This repository contains the implementation and additional resources for the paper:
Multi-Head Attention Residual Unfolded Network for Model-Based Pansharpening
Ivan Pereira-Sánchez, Eloi Sans, Julia Navarro, Joan Duran
Submmited to the International Journal of Computer Vision
The objective of pansharpening and hypersharpening is to accurately fuse a high-resolution panchromatic (PAN) image with a low-resolution multispectral (MS) or hyperspectral (HS) image, respectively. Unfolding fusion methods integrate the powerful representation capabilities of deep learning with the robustness of model-based approaches. These techniques usually involve unrolling the steps of the optimization scheme derived from the minimization of a variational energy into a deep learning framework, resulting in efficient and highly interpretable architectures. In this paper, we present a model-based deep unfolded method for satellite image fusion. Our approach relies on a variational formulation that incorporates the classic observation model for MS/HS data, a high-frequency injection constraint, and a general prior. For the unfolding stage, we design upsampling and downsampling layers that leverage geometric information encoded in the PAN image through residual networks. The core of our method is a Multi-Head Attention Residual Network (MARNet), which combines multiple head attentions with residual learning to capture image self-similarities using nonlocal patch-based operators. Additionally, we include a post-processing module based on the MARNet architecture to further enhance the quality of the fused images. Experimental results on PRISMA, QuickBird, and WorldView2 datasets demonstrate the superior performance of our method, both at reduced and full-scale resolutions, along with its ability to generalize across different sensor configurations and varying spatial and spectral resolutions.

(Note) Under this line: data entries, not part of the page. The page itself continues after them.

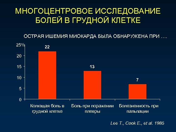 МНОГОЦЕНТРОВОЕ ИССЛЕДОВАНИЕ БОЛЕЙ В ГРУДНОЙ КЛЕТКЕ ОСТРАЯ ИШЕМИЯ МИОКАРДА БЫЛА ОБНАРУЖЕНА ПРИ …. 25% 22 20 13 15 10 7 5 0 Колющая боль в грудной клетке Боль при поражении плевры Болезненность при пальпации Lee T. , Cook E. , et al. 1985
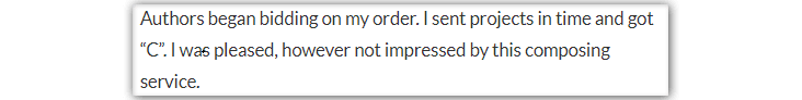 What I realized is that they have come up with a mediocre service. A fully professional firm would have a lot more to offer. I found the writers kind of amateur, although they claim to be experienced. I didn't bother me much because my teacher didn't ask me to redo the assignment.
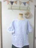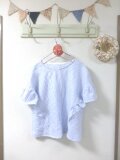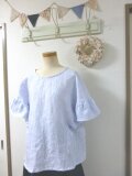 ピンストライプ リネン100%の生地でフリルブラウスを作りました。
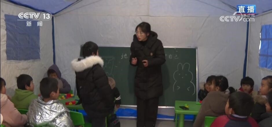 總臺記者 馬麗:我現(xiàn)在是在積石山縣前嶺小學(xué)附屬幼兒園。目前,這里也是前嶺村的一個集中安置點(diǎn)。地震發(fā)生后,這里的主體校舍沒有明顯受損,并且校內(nèi)廣場有大面積的空地,所以被作為了臨時安置點(diǎn),來安置附近的40余名村民。其中,有近30名是小學(xué)生和幼兒園的小朋友。他們有些是村民自己的孩子,有些是附近親戚家的孩子??紤]到這里的環(huán)境更加穩(wěn)定和保暖,孩子們也被聚集到了這里?,F(xiàn)在,正是早起的時間,在安置點(diǎn)也升起了裊裊炊煙,陽光從遠(yuǎn)處照了過來。
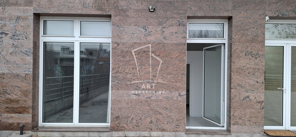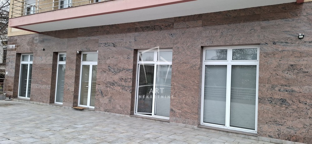 Struktura poslovnog prostora: jedna (prostrana) prostorija i mokri čvor, sa direktnim izlazom na prostranu terasu objekta, orijentisanu ka mirnom dvorišnom delu, okruženu starim stablima drveća i prelepim pogledom na grad.
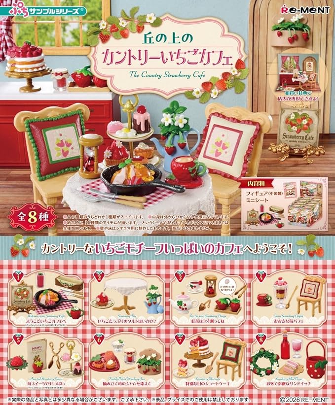 (預訂訂金 $100) (總價 $323) Re-Ment Petit Sample Series Strawberry Cafe 鄉村草莓咖啡店 食玩 (原盒8盒) (1套8款) (行版)
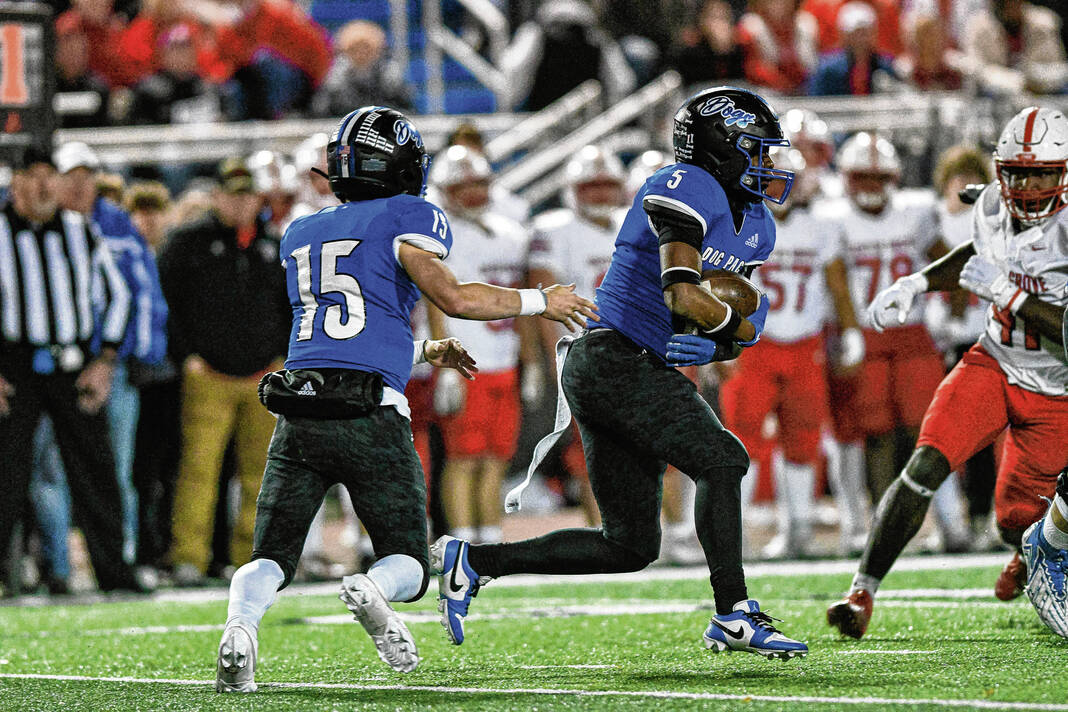 The Bull Dogs couldn’t do anything with it, however, and gave it back. Hennessy capped a drive with a 1-yard score. Cherry added a 1-yard sneak and then after converting a fourth-and-4 on its next series, Cherry hit Tristan Baxter for a 15-yard touchdown with 1:16 left in the first half.
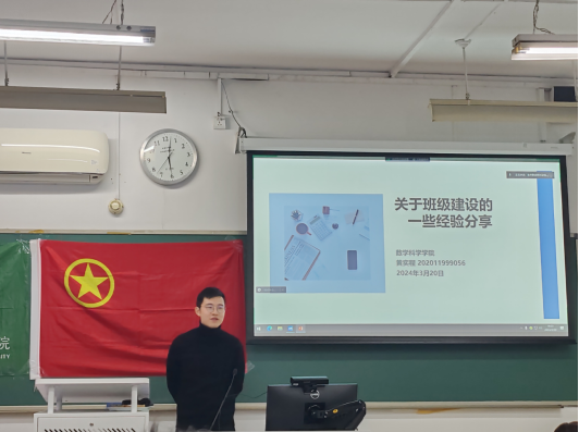 2024年3月20日,一场别开生面的班长经验分享会在冰球突破豪华版官方网站教二115隆重举行。此次活动邀请了曾获得2020-2021学年、2021-2022学年三好学生称号和2022-2023学年优秀学生干部称号的数学科学学院2020级励耘班班长——黄奕程师兄。活动旨通过黄奕程师兄的经验分享激发各位班长关于如何治理班级的讨论,共同提升管理能力,为班级的美好未来贡献智慧与力量。
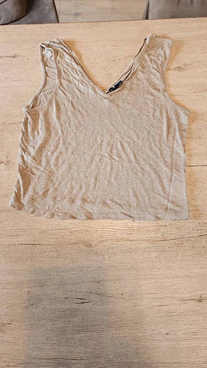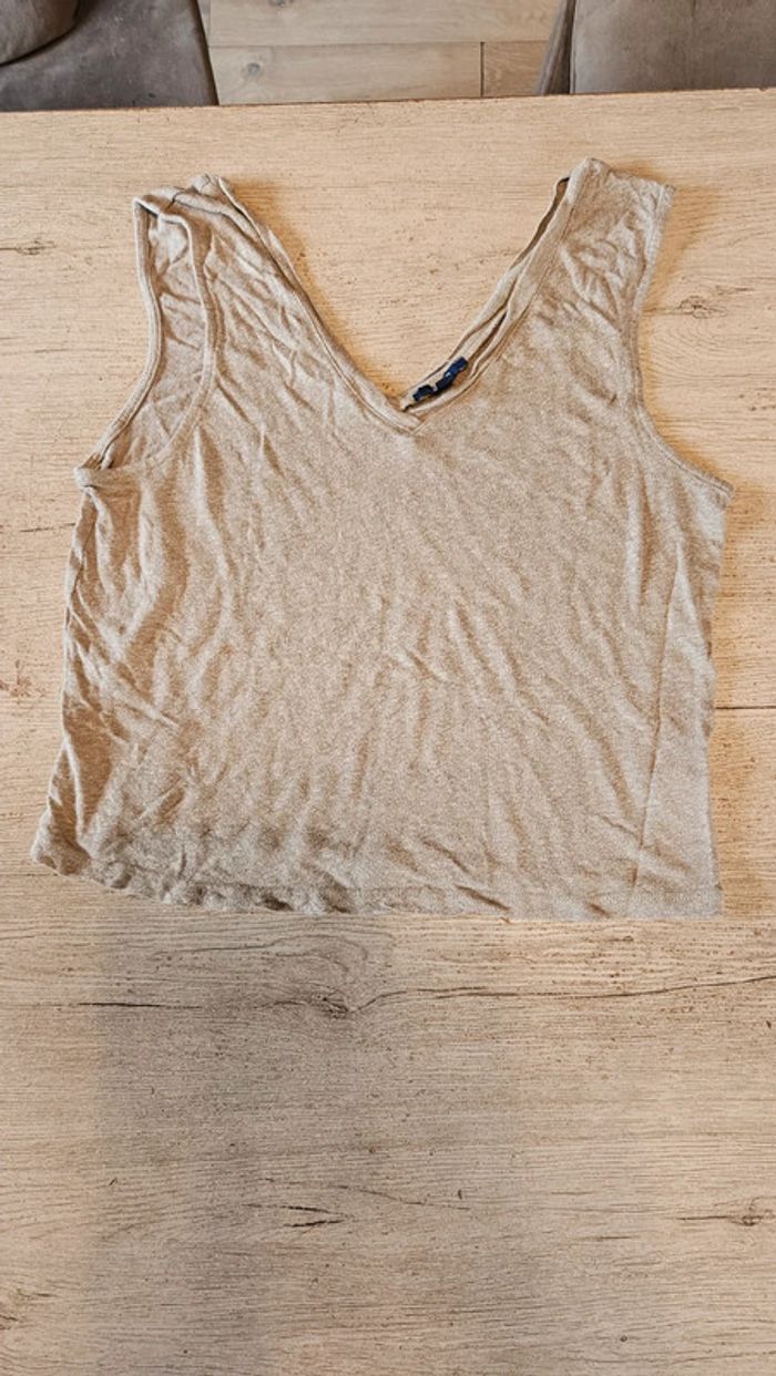 Debardeur femme légèrement brillant. Très fluide. Mis mais encore bien. Convient bien pour du L #deborahtock_femmeL
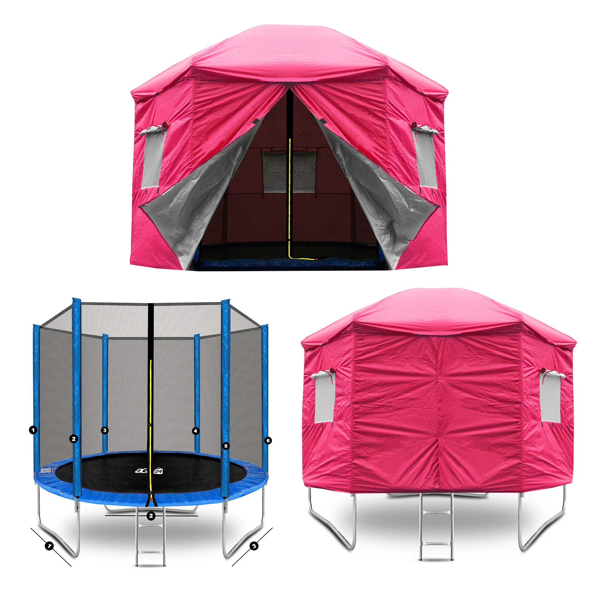 The trampoline tent is a great accessory that practically and purposefully expands the possibilities of using your trampoline.
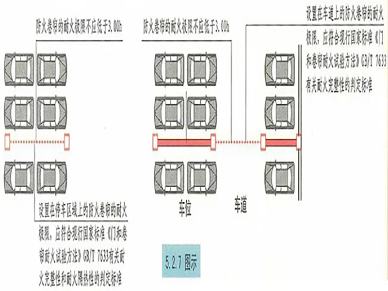 當防火卷簾的耐火極限僅符合現(xiàn)行國家標準《門和卷簾的耐火試驗方法》GB/T 7633有關耐火完整性的判定條件時,應設置自動噴水滅火系統(tǒng)保護。自動噴水滅火系統(tǒng)的設計應符合現(xiàn)行國家標準《自動噴水滅火系統(tǒng)設計規(guī)范》GB 50084的規(guī)定,但火災延續(xù)時間不應小于該防火卷簾的耐火極限。汽車庫、修車庫、停車場設計防火規(guī)范 GB50067-2014 5.2.7 設置在車道上的防火卷簾的耐火極限,應符合現(xiàn)行國家標準《門和卷簾的耐火試驗方法》GB/T 7633有關耐火完整性的判定標準;設置在停車區(qū)域上的防火卷簾的耐火極限,應符合現(xiàn)行國家標準《門和卷簾的耐火試驗方法》GB/T 7633有關耐火完整性和耐火隔熱性的判定標準。

The paper is currently under revision, and the first preprint is available on arXiv.
You can set up the development environment using either Conda or pip.
-
Create the environment:
conda env create -f environment.yml
-
Activate the environment:
conda activate MARNet
-
(Optional) Create and activate a virtual environment:
python -m venv venv source venv/bin/activate -
Install dependencies:
pip install -r requirements.txt
To begin, create an .env file in the project root directory and define the DATASET_PATH variable, pointing to the directory where your dataset is stored.
We provide an example DataModule using WorldView-2 satellite imagery. This module requires the data to be preprocessed according to the Wald protocol and stored as cropped .h5 files.
Also, you can adapt the dataset class accordingly how you have the data stored. Please note that we are unable to share the dataset used for training due to data access restrictions.
Run the following command:
python train.py For reduced resolution run following command:
python test_ref.py +model.ckpt_path=${CKPT_PATH} For full resolution run following command:
python test_non_ref.py +model.ckpt_path=${CKPT_PATH} Make sure to replace ${CKPT_PATH} with the actual path to your checkpoint file.
If you find this work useful in your research, please consider citing:
@article{pansharpening2024,
title={Multi-Head Attention Residual Unfolded Network for Model-Based Pansharpening},
author={Pereira-S{\'a}nchez, Ivan and Sans, Eloi and Navarro, Julia and Duran, Joan},
journal={arXiv preprint arXiv:2409.02675},
year={2024}
}
This work was funded by MCIN/AEI/10.13039/501100011033/ and by the European Union NextGenerationEU/PRTR via the MaLiSat project TED2021-132644B-I00.